» **Task inputs**
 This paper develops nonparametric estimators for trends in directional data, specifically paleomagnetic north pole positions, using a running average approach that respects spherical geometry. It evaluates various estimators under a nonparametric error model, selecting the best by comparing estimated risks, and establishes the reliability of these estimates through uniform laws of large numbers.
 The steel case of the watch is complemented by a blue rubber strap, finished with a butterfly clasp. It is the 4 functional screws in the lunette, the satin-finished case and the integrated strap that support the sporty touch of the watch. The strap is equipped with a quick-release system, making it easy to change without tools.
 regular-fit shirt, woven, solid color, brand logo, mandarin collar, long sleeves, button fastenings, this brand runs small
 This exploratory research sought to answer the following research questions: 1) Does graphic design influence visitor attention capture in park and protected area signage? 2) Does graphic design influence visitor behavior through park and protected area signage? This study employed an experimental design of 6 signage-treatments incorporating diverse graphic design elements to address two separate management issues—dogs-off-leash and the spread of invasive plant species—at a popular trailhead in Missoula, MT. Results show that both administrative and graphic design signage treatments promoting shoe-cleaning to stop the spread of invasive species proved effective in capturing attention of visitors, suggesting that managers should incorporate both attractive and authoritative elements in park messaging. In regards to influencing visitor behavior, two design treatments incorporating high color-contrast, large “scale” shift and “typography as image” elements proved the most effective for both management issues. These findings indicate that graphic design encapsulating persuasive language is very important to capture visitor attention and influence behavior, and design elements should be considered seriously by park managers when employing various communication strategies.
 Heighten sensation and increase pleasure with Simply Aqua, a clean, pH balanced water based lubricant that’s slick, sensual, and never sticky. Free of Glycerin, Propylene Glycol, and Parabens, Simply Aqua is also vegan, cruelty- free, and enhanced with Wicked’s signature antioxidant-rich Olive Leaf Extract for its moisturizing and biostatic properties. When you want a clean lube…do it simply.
--
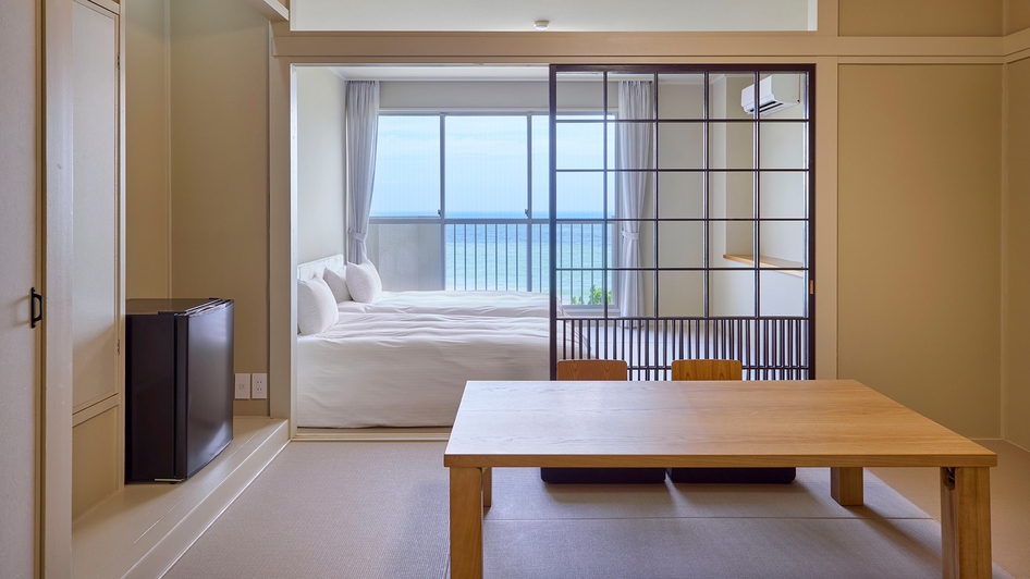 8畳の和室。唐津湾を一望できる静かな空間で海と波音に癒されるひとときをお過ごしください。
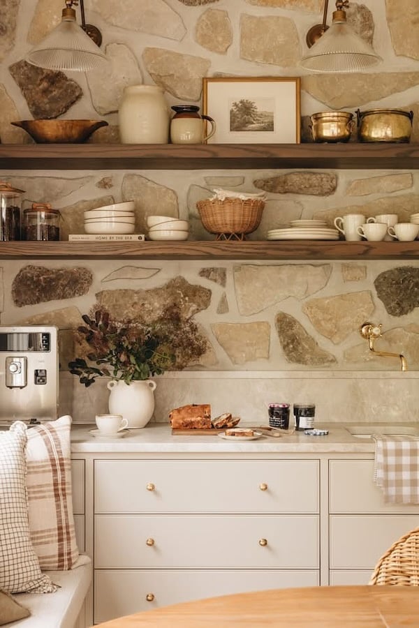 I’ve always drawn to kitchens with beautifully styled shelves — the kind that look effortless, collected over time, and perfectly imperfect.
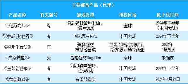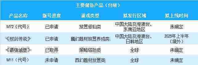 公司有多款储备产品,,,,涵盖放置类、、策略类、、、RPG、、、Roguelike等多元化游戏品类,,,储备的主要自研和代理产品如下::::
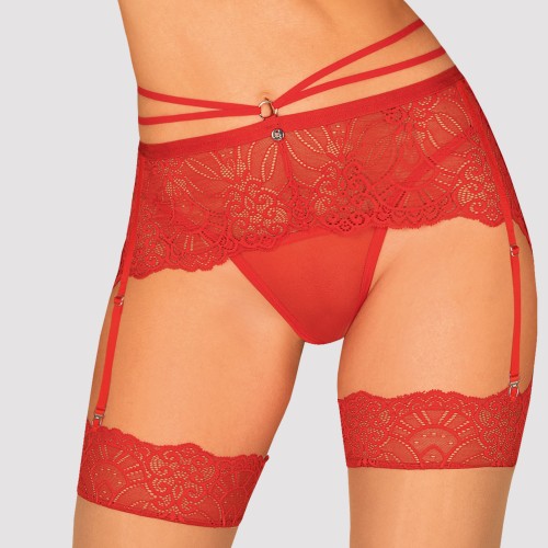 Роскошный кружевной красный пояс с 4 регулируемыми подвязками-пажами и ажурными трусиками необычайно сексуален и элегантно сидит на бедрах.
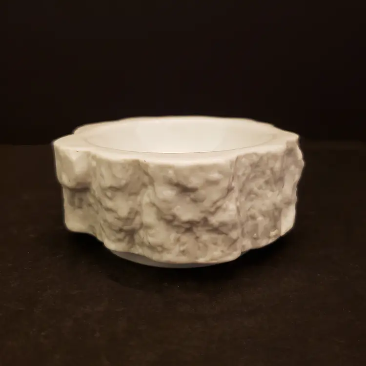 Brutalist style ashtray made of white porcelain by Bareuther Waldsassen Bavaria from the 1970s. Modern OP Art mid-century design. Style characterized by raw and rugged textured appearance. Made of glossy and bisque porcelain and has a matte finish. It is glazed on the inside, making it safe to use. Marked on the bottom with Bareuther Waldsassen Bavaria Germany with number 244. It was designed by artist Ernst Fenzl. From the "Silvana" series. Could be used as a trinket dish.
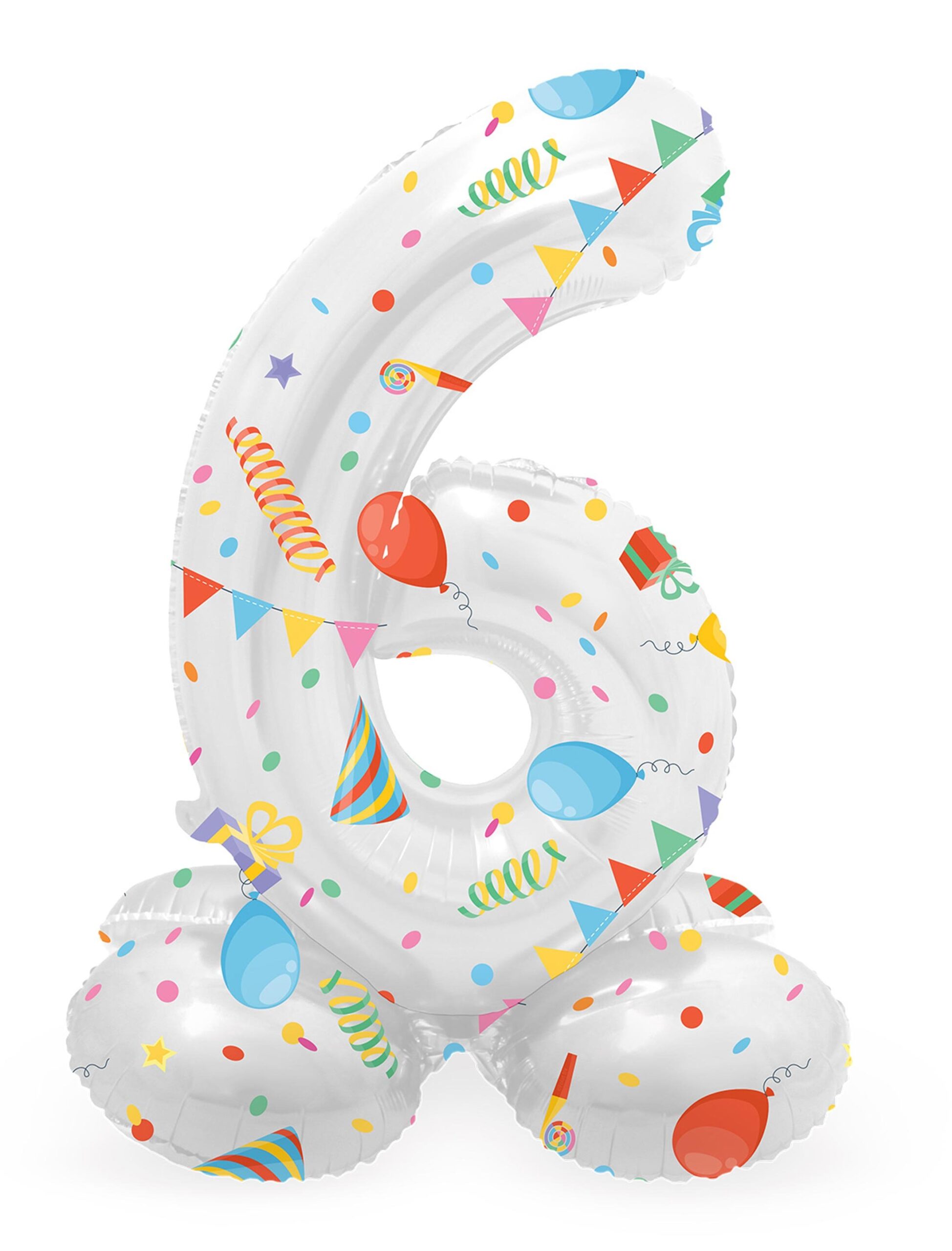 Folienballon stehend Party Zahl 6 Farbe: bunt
--
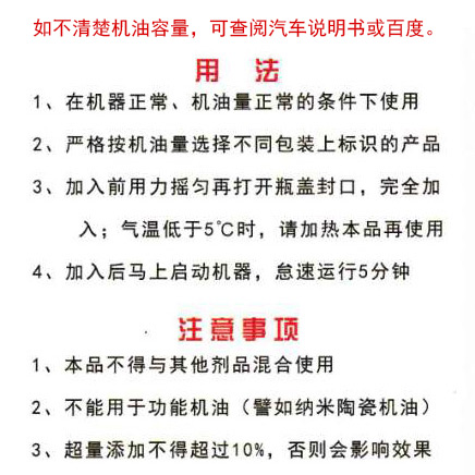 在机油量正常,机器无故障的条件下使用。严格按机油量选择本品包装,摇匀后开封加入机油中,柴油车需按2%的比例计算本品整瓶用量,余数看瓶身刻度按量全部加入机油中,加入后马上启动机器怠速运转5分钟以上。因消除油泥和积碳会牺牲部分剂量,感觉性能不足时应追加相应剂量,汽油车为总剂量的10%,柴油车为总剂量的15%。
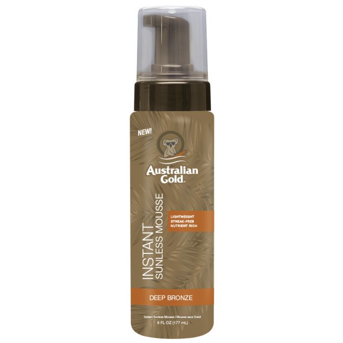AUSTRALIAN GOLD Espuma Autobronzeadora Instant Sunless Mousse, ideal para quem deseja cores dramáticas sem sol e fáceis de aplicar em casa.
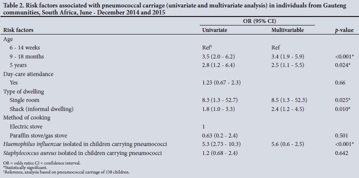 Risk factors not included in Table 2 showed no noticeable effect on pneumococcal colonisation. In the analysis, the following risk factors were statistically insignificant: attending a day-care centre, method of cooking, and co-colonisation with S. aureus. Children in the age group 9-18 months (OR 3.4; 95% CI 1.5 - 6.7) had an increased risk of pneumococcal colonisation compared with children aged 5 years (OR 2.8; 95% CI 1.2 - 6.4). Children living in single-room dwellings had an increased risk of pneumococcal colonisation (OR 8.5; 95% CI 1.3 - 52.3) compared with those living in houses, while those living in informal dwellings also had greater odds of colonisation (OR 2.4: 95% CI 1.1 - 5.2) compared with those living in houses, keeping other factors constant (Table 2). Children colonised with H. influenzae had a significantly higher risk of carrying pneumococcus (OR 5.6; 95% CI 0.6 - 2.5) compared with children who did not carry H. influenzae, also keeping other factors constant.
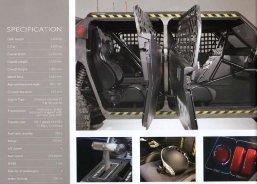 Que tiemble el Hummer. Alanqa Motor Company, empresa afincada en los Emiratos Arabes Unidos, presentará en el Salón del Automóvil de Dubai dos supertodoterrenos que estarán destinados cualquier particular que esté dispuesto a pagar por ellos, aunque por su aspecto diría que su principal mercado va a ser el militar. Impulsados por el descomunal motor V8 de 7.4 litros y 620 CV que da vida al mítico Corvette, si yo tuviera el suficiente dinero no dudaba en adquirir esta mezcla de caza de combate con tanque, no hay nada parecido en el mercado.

» **The task**
Could you set down, exactly as written, the lines above between the one holding "The steel case" and the one holding "regular-fit shirt, woven, solid", inclusive, and nothing more?

» **Task result**
 The steel case of the watch is complemented by a blue rubber strap, finished with a butterfly clasp. It is the 4 functional screws in the lunette, the satin-finished case and the integrated strap that support the sporty touch of the watch. The strap is equipped with a quick-release system, making it easy to change without tools.
 regular-fit shirt, woven, solid color, brand logo, mandarin collar, long sleeves, button fastenings, this brand runs small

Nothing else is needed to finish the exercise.